The entire listing, reproduced exactly and stripped of images, is the expected output.

- [Source data]
● ● ● ● ●

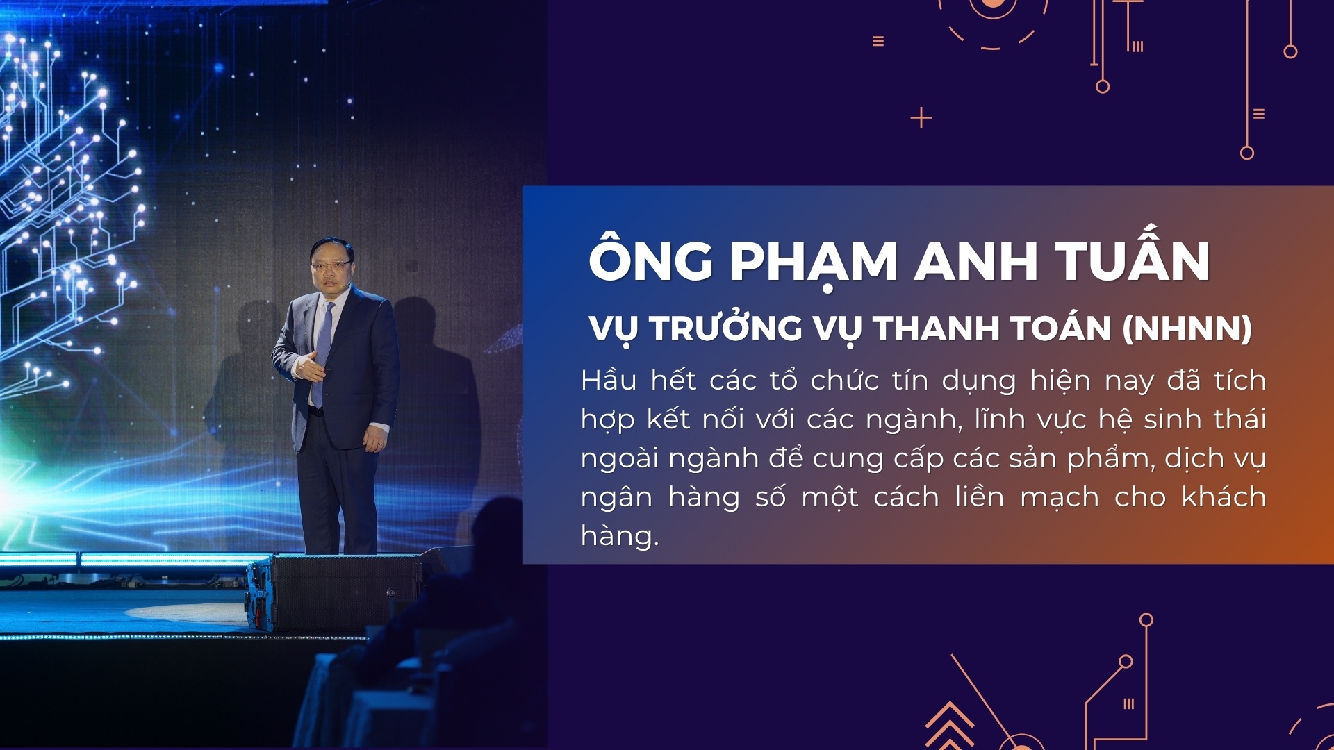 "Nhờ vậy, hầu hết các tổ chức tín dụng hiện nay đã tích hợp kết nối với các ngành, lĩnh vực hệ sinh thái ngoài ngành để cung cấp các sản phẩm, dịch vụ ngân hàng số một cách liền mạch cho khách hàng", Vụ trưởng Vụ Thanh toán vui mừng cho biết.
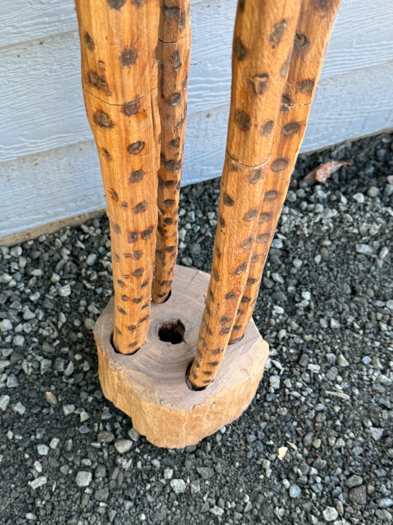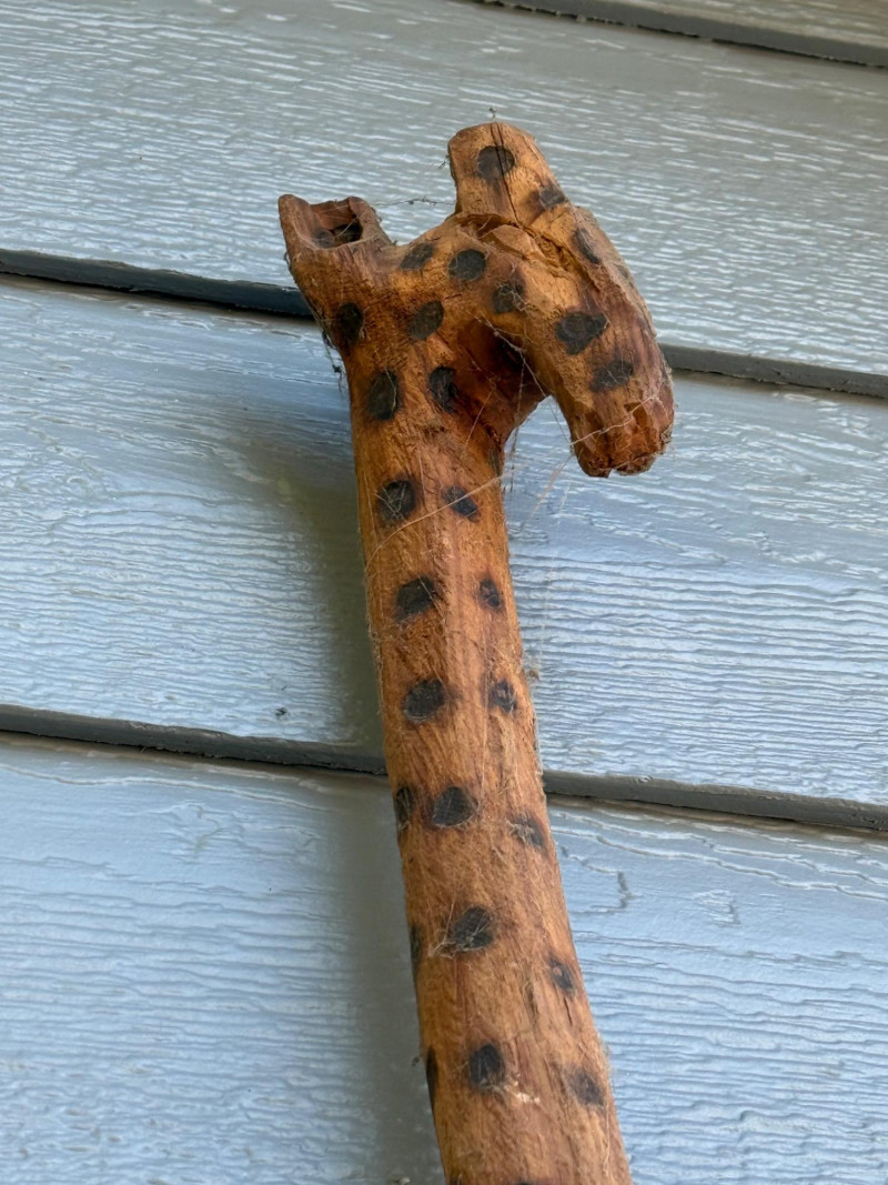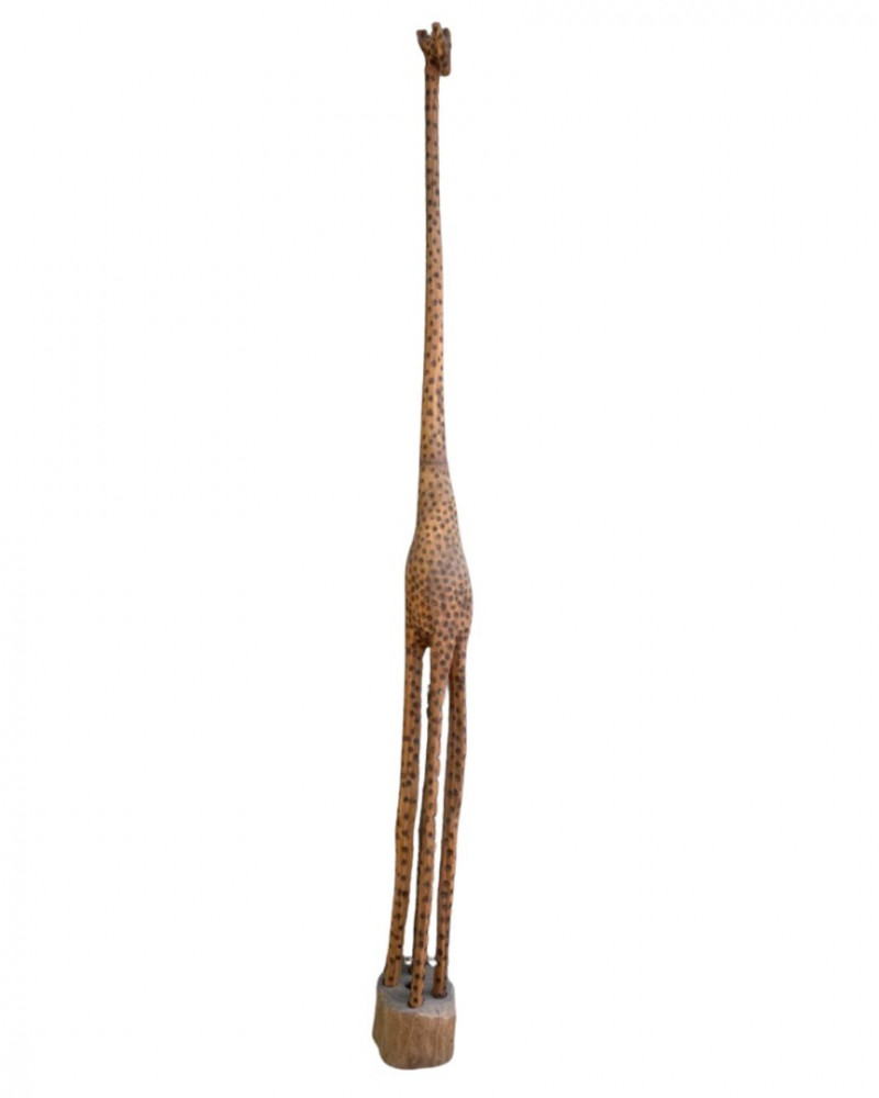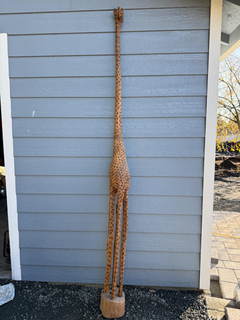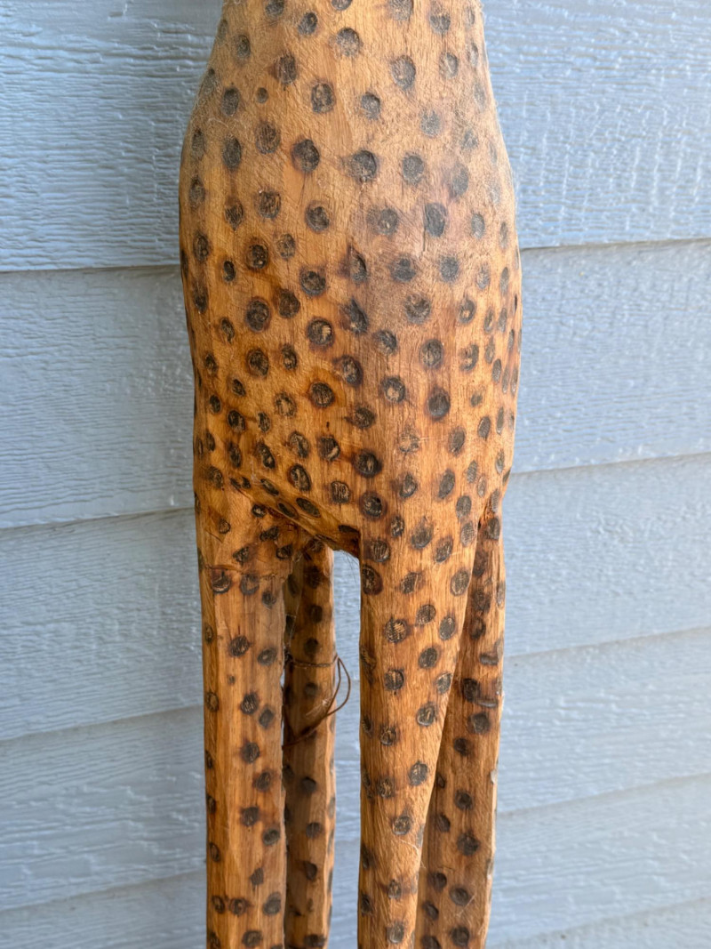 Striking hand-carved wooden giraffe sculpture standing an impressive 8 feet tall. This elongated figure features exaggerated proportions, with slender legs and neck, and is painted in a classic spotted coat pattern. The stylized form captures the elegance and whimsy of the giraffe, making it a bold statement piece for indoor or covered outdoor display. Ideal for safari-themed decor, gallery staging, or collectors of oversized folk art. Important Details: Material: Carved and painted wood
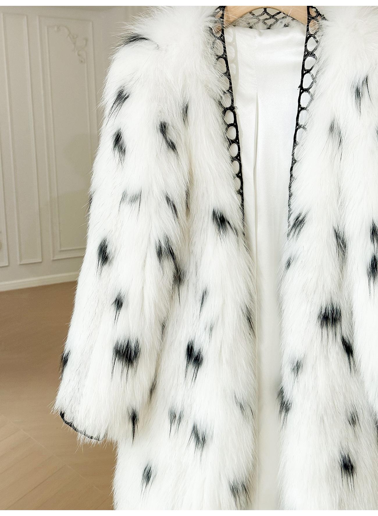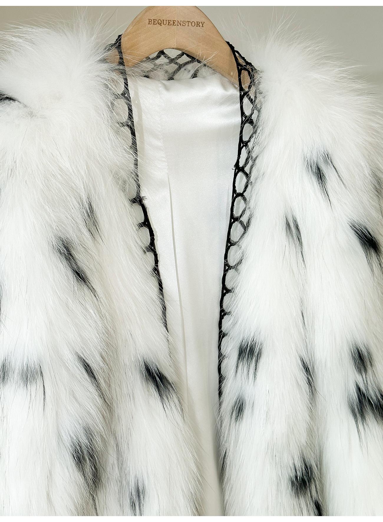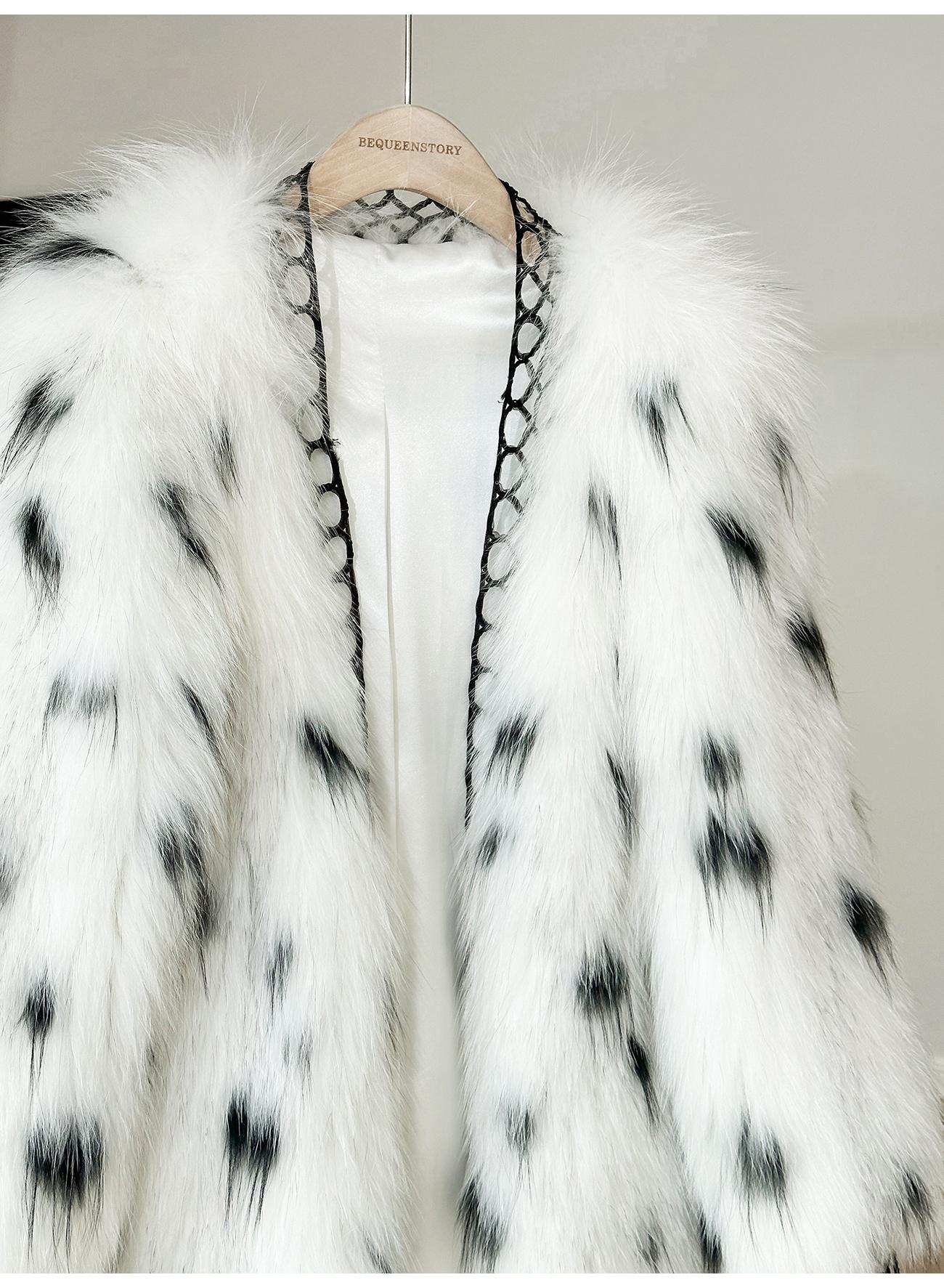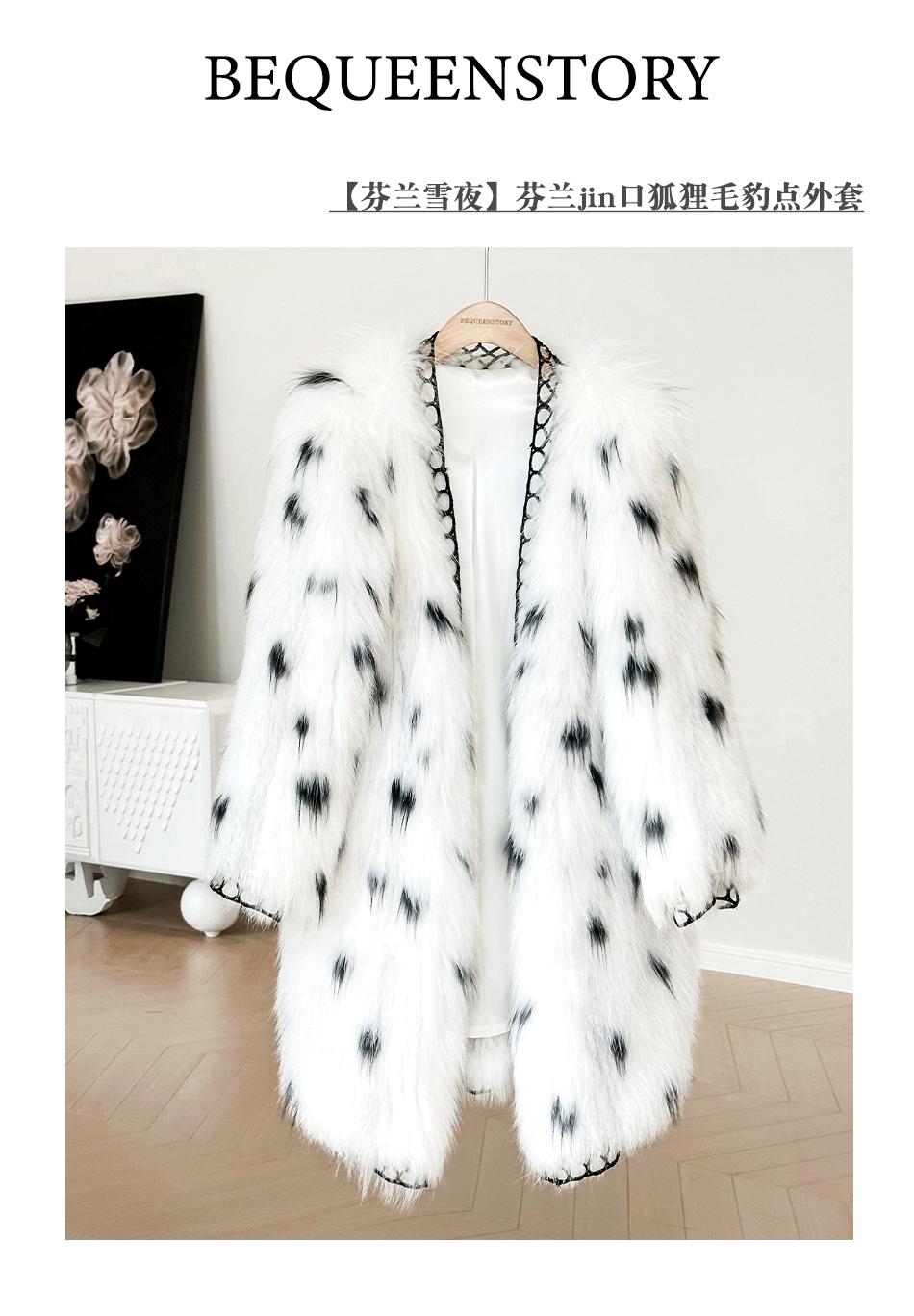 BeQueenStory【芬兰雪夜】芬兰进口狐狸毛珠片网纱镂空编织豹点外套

● ● ● ● ●

- [Your solution]
 "Nhờ vậy, hầu hết các tổ chức tín dụng hiện nay đã tích hợp kết nối với các ngành, lĩnh vực hệ sinh thái ngoài ngành để cung cấp các sản phẩm, dịch vụ ngân hàng số một cách liền mạch cho khách hàng", Vụ trưởng Vụ Thanh toán vui mừng cho biết.
 Striking hand-carved wooden giraffe sculpture standing an impressive 8 feet tall. This elongated figure features exaggerated proportions, with slender legs and neck, and is painted in a classic spotted coat pattern. The stylized form captures the elegance and whimsy of the giraffe, making it a bold statement piece for indoor or covered outdoor display. Ideal for safari-themed decor, gallery staging, or collectors of oversized folk art. Important Details: Material: Carved and painted wood
 BeQueenStory【芬兰雪夜】芬兰进口狐狸毛珠片网纱镂空编织豹点外套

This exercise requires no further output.